Chlorides and Sulphates demonstrate high dispersions in quality groups 5 and 6. It can affect the overall output of the models. The possible solutions could be:
- To drop the outliers group-based;
- To apply different type of transformation, i.e. `log()` or `log10()` transformations.
- Do nothing and see how those outliers will affect our model.

As the outliers are essential part of the features that influence the dependent variable, I definitely won't drop them. It seems like application of the `log10` transformation is appropriate in this case. Log10 is more powerful than simple logarithmic transformation, and we see some major skewness in the features.

In [16]:
#@title Salts

fig = px.histogram(df['chlorides'],
                   x="chlorides",
                   y="chlorides",
                   color=df['quality'],
                   marginal="box")

fig.update_layout(
    yaxis_title='Sum of Chlorides',
    xaxis_title='Chlorides',
    title={
        'text': 'The Distribution of Chlorides by Quality',
        'x': 0.5,
        'y': 0.95,
        'xanchor': 'center',
        'yanchor': 'top',
        'font': dict(
            size=15
        )
    }
)

fig = px.histogram(df['sulphates'],
                   x="sulphates",
                   y="sulphates",
                   color=df['quality'], marginal="box")

fig.update_layout(
    yaxis_title='Sum of Sulphates',
    xaxis_title='Sulphates',
    title={
        'text': 'The Distribution of Sulphates by Quality',
        'x': 0.5,
        'y': 0.95,
        'xanchor': 'center',
        'yanchor': 'top',
        'font': dict(
            size=15
        )
    }
)

We still have some skewness in `chlorides` and `sulphates`, but now we can proceed with that. Also, as I mentioned earlier, we will transform the `residual sugar` to `sweetness` feature, then drop it.

In [17]:
#@title Reducing skewness of salts

df['chlorides'] = np.log10(df['chlorides'])
df['sulphates'] = np.log10(df['sulphates'])

print('---------------------')
print('Skewness of the data:')
print('---------------------')
round(df.skew(),2)

---------------------
Skewness of the data:
---------------------


fixed acidity           0.69
volatile acidity        0.11
citric acid             0.32
residual sugar          4.54
chlorides               1.75
free sulfur dioxide     0.48
total sulfur dioxide    0.64
density                 0.07
pH                      0.19
sulphates               0.92
alcohol                 0.76
quality                 0.22
dtype: float64

# Feature engineering

1. Creating new features
    - active SO2
    - sweetness of wine
    - low pH, high pH
2. Encoding quality good and bad 1/0
3. Drop sugar and quality
4. Scaling the data

First of all, lets create some new features. As I investigated in the first part, I can group the sweetness of wine based on its residual sugar. I also can calculate the amount of active SO2 that interacted with alcohol and sugar in the wine-making process. And then I can group wines based on the pH acidity.

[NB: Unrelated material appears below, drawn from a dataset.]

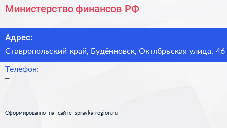 Министерство финансов РФ по адресу Ставропольский край, Будённовск, Октябрьская улица, 46 в дальнейшем Организация, размещена в следующих категориях:

As my goal is to build a model that can classify the wines as good and bad, I should encode the quality into the binary scale.

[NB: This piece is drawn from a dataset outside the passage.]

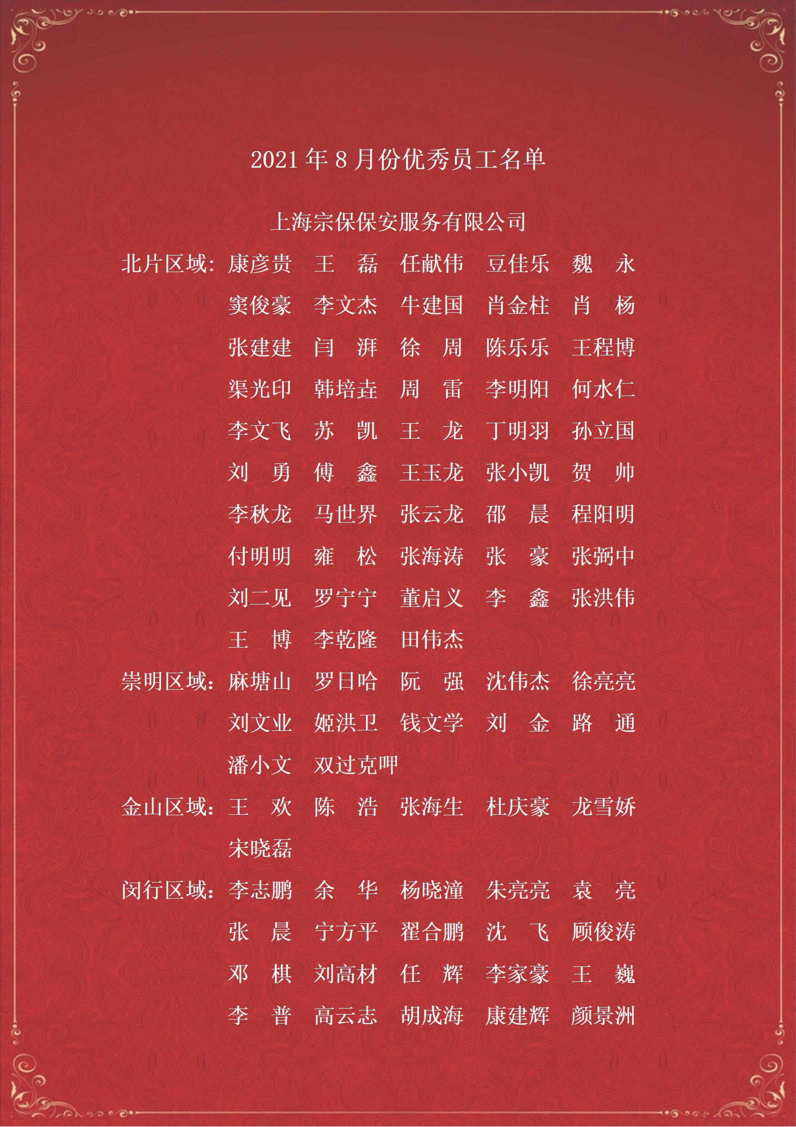八月份,廣大員工發(fā)揚“特別能吃苦,特別能戰斗”的宗保人精神,戰高溫、斗酷暑,落實(shí)工作要求,嚴格工作紀律,較好地完成了各項工作任務(wù)。期間,涌現出了一批表現突出的員工。為表彰先進(jìn),樹(shù)立典型,激勵后進(jìn),在各項目推薦,各部門(mén)審定把關(guān)的基礎上,經(jīng)公司董事會(huì )研究,決定對8月份工作表現優(yōu)異的康彥貴等243名優(yōu)秀員工,予以通報表彰獎勵(獎金已隨八月份工資發(fā)放)。

After I make those manipulations, I will drop the `residual sugar` column as it has abnormal distribution and low correlations with quality. I will also drop `quality` as we will work with encoded value from now.

In [18]:
#@title New features

# Creating active SO2 as a feature

df['active SO2'] = df['total sulfur dioxide'] - df['free sulfur dioxide']

# Creating sweetness as a value

conditions = [
    (df['residual sugar'] <= 4),
    (df['residual sugar'] > 4) & (df['residual sugar'] <= 12),
    (df['residual sugar'] > 12) & (df['residual sugar'] <= 45),
    (df['residual sugar'] > 45)
]

choices = [1, 2, 3, 4] # 1-dry, 2-semi dry, 3-medium sweet, 4-sweet

df['sweetness'] = np.select(conditions, choices, default=np.nan)
df['sweetness'] = df['sweetness'].astype(int)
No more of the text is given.